What boards and community managers actually need is a clear understanding of why these problems occur, what they signal about the overall health of the pond, and what it takes to address them in a way that lasts longer than one treatment cycle. This article covers all three.
Why Carolina Forest HOA Ponds Are Especially Vulnerable
Before getting into the specifics it helps to understand why Carolina Forest ponds are particularly susceptible to algae blooms, murky water, and foul odors.
The stormwater ponds throughout communities like Covington Lake, The Farm, Avalon, Berkshire Forest, Waterford Plantation, and Plantation Lakes are engineered detention systems.
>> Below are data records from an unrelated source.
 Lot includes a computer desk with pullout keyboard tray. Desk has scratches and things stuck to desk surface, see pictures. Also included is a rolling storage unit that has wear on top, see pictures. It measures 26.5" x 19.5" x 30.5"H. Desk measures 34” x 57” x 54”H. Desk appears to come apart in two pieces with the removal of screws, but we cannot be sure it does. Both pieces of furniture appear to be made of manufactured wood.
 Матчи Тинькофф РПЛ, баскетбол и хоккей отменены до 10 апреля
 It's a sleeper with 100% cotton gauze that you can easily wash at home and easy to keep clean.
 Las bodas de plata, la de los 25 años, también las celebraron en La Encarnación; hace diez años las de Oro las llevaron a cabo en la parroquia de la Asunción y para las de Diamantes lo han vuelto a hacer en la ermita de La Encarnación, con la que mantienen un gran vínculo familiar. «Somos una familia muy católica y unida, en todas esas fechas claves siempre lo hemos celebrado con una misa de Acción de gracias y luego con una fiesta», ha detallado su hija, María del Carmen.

Their primary purpose is to collect and hold stormwater runoff from nearby developed areas, such as roads, parking lots, rooftops, and lawns, and release it slowly into downstream waterways.
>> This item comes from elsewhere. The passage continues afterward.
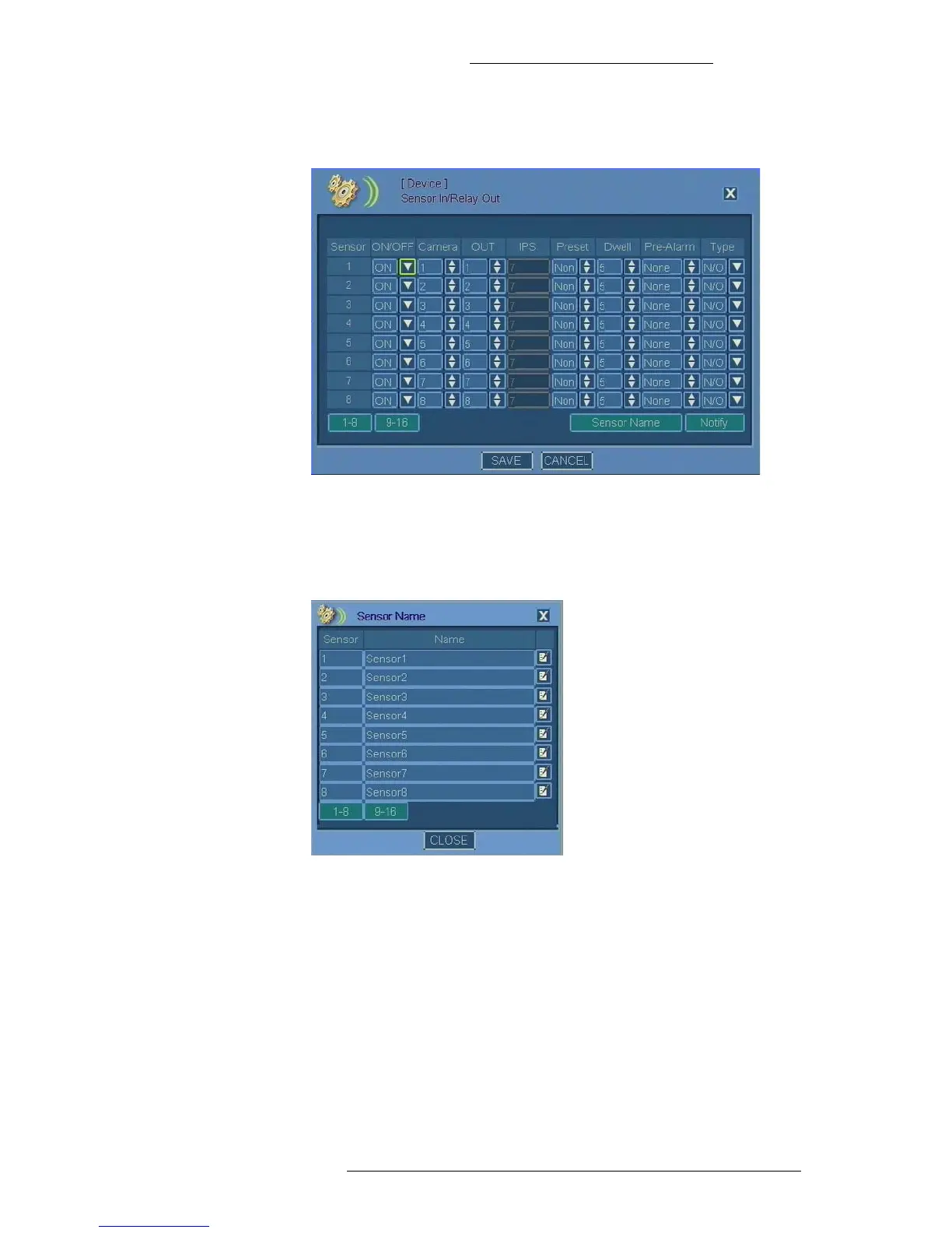 Sensor – List of sensors (1 through 8 and 9 through 16).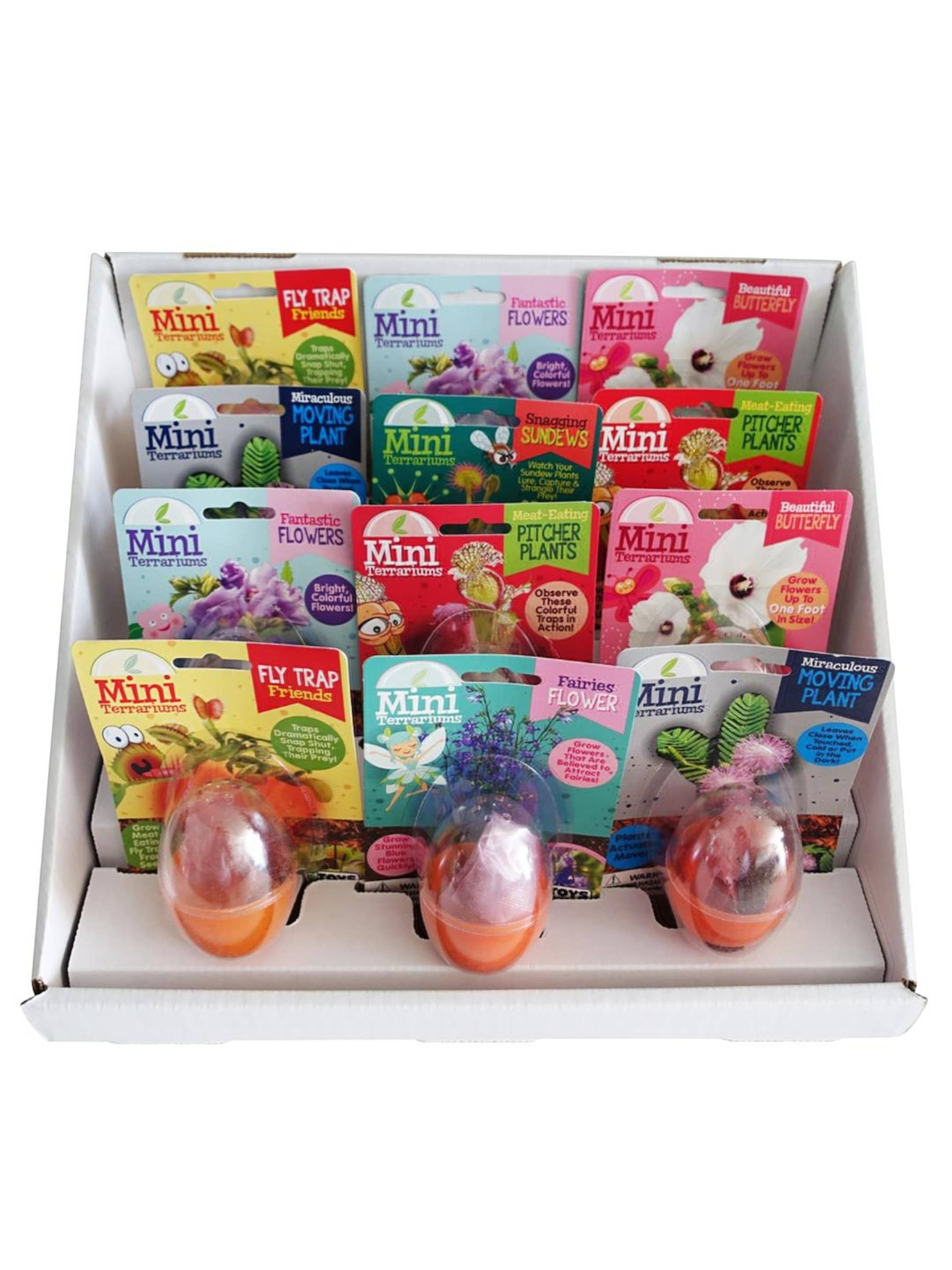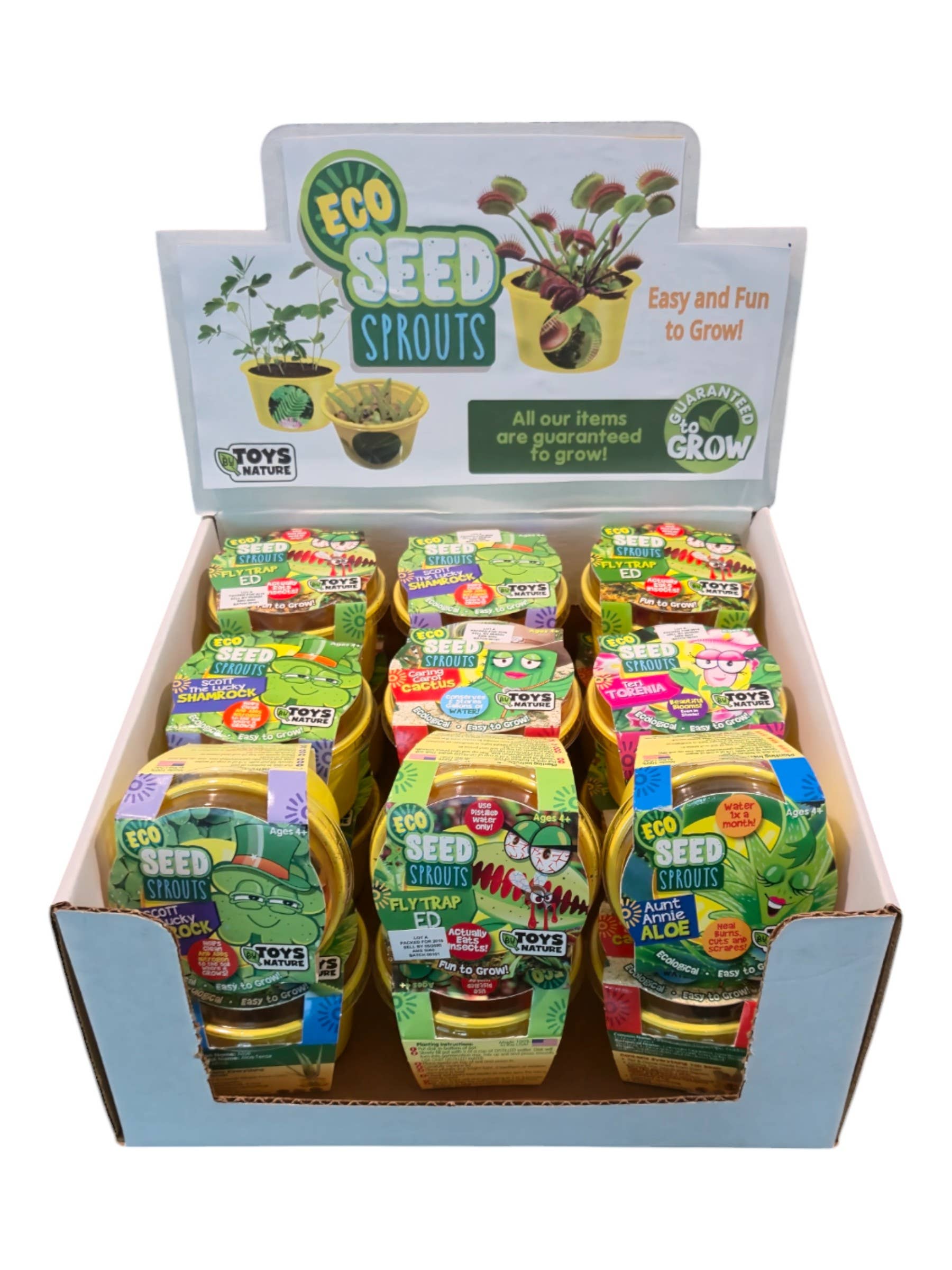 Our Eco Seed Sprouts bring the fun into growing! Grow 6 of the most amazing botanical buddies one could have! There are 6 varieties of astounding specimens including plants the eat meat, move, bring luck, thrive with almost no water, heal burns, and boast incredible diamond shaped flowers that flourish in shade! The display comes with 18 Eco Seed Sprouts, 3 of each type! Each Eco Seed Sprout also comes with an exclusive three sticker set to decorate the planter! Display includes 3 each of 6 varieties: Aunt Annie Aloe x3 Caring Carol Cactus x3 Fly Trap Ed x3 Michele the Mover x3 Scott the Lucky Shamrock x3 Teri Torenia x3 Each Eco Seed Sprout Contains: Pot and Lid Seeds Premium Sprouting Mixture 3 Stickers Size Information Package Size: 5.75” x 5.75” x 5.5” Assembled Terrarium Size: 5.75” x 5.75” x 5.5” Display Size: 10.5" x 10.25" x 7.4" Product Weight: 0.08 Pounds A tiny eco-friendly kit with a big personality- just add water and watch your new plant pal grow! Perfect Impulse Price Point -Easy “yes” for parents and gift buyers -Ideal for checkout and kids’ sections -Encourages multi-unit purchases Character Based Collectability -Named plant characters spark curiosity and attachment -Kids want to collect more than one -Drives repeat visits Small Footprint, High Turnover -Minimal shelf space required -Lightweight and easy to display -Strong margins on a simple kit Low Risk, High Delight -Straightforward product, fewer questions or returns -Simple growing experience -Clear value at an accessible price

That runoff carries nutrients. Every lawn fertilization event, every rainfall across an impervious surface, every organic load from leaves and landscaping debris contributes phosphorus, nitrogen, and organic matter to the pond. In a natural lake with significant flow, those nutrients would be diluted and flushed. In a stormwater detention pond designed to hold water, they accumulate.
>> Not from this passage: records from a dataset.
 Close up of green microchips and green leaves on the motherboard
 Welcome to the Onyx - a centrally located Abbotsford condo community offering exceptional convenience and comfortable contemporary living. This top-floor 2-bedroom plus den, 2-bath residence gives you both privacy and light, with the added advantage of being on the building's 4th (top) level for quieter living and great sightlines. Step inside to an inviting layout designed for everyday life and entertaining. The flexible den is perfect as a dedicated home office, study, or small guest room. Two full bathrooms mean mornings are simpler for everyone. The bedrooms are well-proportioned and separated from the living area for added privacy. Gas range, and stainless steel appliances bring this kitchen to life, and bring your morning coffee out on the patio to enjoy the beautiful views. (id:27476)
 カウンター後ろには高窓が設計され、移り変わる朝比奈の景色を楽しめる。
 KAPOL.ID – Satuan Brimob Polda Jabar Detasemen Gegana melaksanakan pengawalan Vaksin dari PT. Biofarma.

Add coastal South Carolina's climate, warm water temperatures from spring through fall, high humidity, and an extended growing season. All together you have conditions that are near-ideal for algae growth and aquatic weed proliferation. Runoff from landscaping and lawn care activities has been identified as a contributing cause of eutrophication in South Carolina coastal stormwater ponds, with research documenting over 200 harmful algal blooms in those systems between 2001 and 2005, with cyanobacteria being the dominant organism. That is not a new problem, and in developed communities like Carolina Forest, it is an ongoing one.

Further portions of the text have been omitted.